Bond yields are the language of fixed income investing — they tell you what a bond actually earns, not what it promises. Understanding the difference between coupon rate, current yield, yield to maturity, and yield to worst is essential for comparing bonds and making informed decisions about how a bond's price affects its real return.
Why Bond Prices Move Opposite to Yields
The inverse relationship between bond prices and yields is the most fundamental concept in fixed income investing. A bond's coupon is fixed in dollar terms at issuance: a $1,000 bond paying $50 per year (a 5% coupon) pays exactly $50 every year regardless of market conditions. But if market rates rise to 6%, new bonds pay $60 per year and your bond becomes less attractive. The market price of your bond must fall until that $50 annual payment represents a 6% yield on the new (lower) price.
The reverse holds when rates fall: a bond paying 6% becomes more valuable when new bonds only pay 4%. Its price rises until buyers effectively earn 4%. This mechanic is why long-term bond funds fell 20–30% in 2022 when the Federal Reserve rapidly raised rates — older bonds with lower coupons had to be repriced downward to compete with new higher-rate issuances.
Current Yield vs. Yield to Maturity
Current yield is the simplest measure: annual coupon ÷ current market price. A $1,000 bond paying $50/year purchased at $950 has a current yield of 5.26%. This is useful for income-focused investors comparing how much cash a bond generates relative to its cost, but it ignores what happens at maturity.
Yield to maturity (YTM) is more complete. It accounts for coupon payments, the current price, and the gain or loss when the bond matures at face value. If you buy the $950 bond above, you receive $50/year in coupons plus a $50 capital gain at maturity. YTM captures both components and produces a yield higher than the current yield. Conversely, paying $1,050 for the same bond yields below the coupon — you lose the $50 premium at maturity.
YTM is the standard metric used by bond screeners, broker platforms, and financial advisors. It normalizes every bond to a single comparable annual return figure, regardless of coupon, price, or remaining maturity. For US bonds it's quoted as a Bond-Equivalent Yield (BEY) — 2 × the semi-annual periodic rate — which is why semi-annual compounding matters: it changes the YTM number by 5–10 bps versus an annual-compounding calculation.
Duration, Modified Duration, and Convexity
Duration measures how sensitive a bond's price is to yield changes. Macaulay duration is the weighted average time (in years) until you receive all bond cash flows. Modified duration is Macaulay ÷ (1 + r/freq) and gives the closest linear approximation: a 7-year modified duration means a 1% rate rise costs ~7% of price.
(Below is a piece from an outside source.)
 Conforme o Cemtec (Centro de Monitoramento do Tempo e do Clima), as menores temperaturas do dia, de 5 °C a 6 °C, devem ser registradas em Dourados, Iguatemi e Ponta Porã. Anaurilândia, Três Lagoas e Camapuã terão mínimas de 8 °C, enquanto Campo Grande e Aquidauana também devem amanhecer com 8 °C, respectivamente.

This is why long-term bonds are riskier than short-term bonds when rates might rise. A 30-year Treasury might have modified duration of 18–20 years, so a 1% rate increase produces an ~18–20% price decline. A 2-year Treasury note has duration closer to 1.9 years — the same rate move only costs ~1.9%. Zero-coupon bonds have the highest duration possible (equal to maturity) because all cash flow comes at the end.
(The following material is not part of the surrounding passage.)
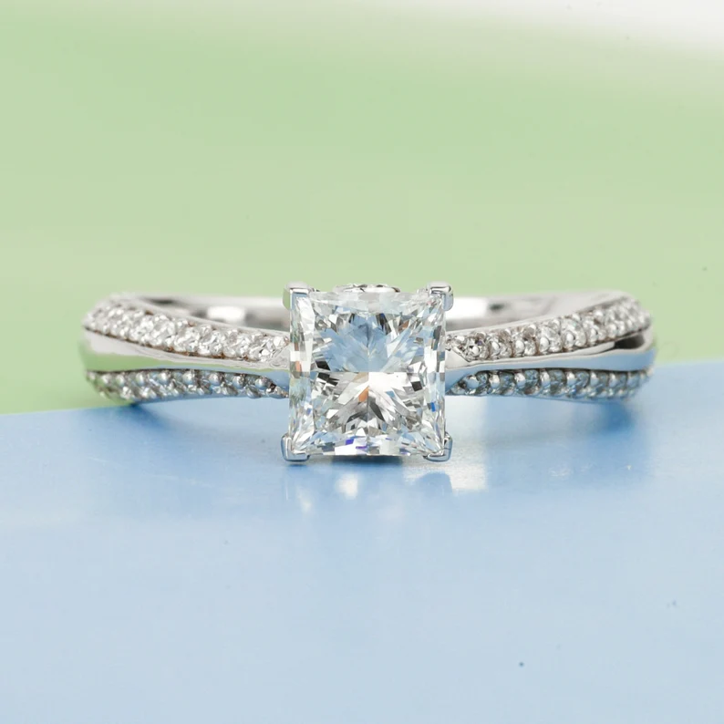 แหวนเพชรแล็บ 1 กะรัต สำหรับผู้หญิง ระดับ E F VS เพชรทรงเหลี่ยมมรกต สร้างในห้องแล็บ พร้อมใบรับรอง แหวนแต่งงานสุดหรู

Convexity captures what duration misses: the curve in the price-yield relationship. Positive convexity is a free option — bonds gain more when rates fall than they lose when rates rise by the same amount. The full second-order approximation is: ΔP/P ≈ −Mod × Δy + ½ × Conv × Δy². For small rate moves duration is enough; for large moves convexity matters and is consistently in the bondholder's favor.
Callable Bonds and Yield to Worst
Many corporate and municipal bonds are callable: the issuer can redeem the bond before maturity, usually at par or at a small premium. This is bad for bondholders, because the issuer will call exactly when it hurts you most — when rates have fallen and your bond is now valuable. Once called, you receive the call price and must reinvest the proceeds at lower current rates (reinvestment risk).
For callable bonds, Yield to Maturity is optimistic — it assumes the bond runs to its stated end date. Yield to Call (YTC) computes the yield assuming the bond is called at the earliest call date. Yield to Worst (YTW) is the minimum of YTM and YTC across all call dates and is the conservative number bond screeners report. A premium callable trading above the call price will often show a sharply lower YTW than YTM — a signal the call is highly likely and your true expected return is closer to YTW.
The reinvestment-rate input lets you stress-test the YTM assumption. Textbook YTM assumes coupons reinvest at the YTM rate; in practice you reinvest at whatever rates prevail when each coupon is paid. If you expect reinvestment rates to be lower than today's YTM (a typical concern when rates are high), your realized holding-period return will be below the quoted YTM.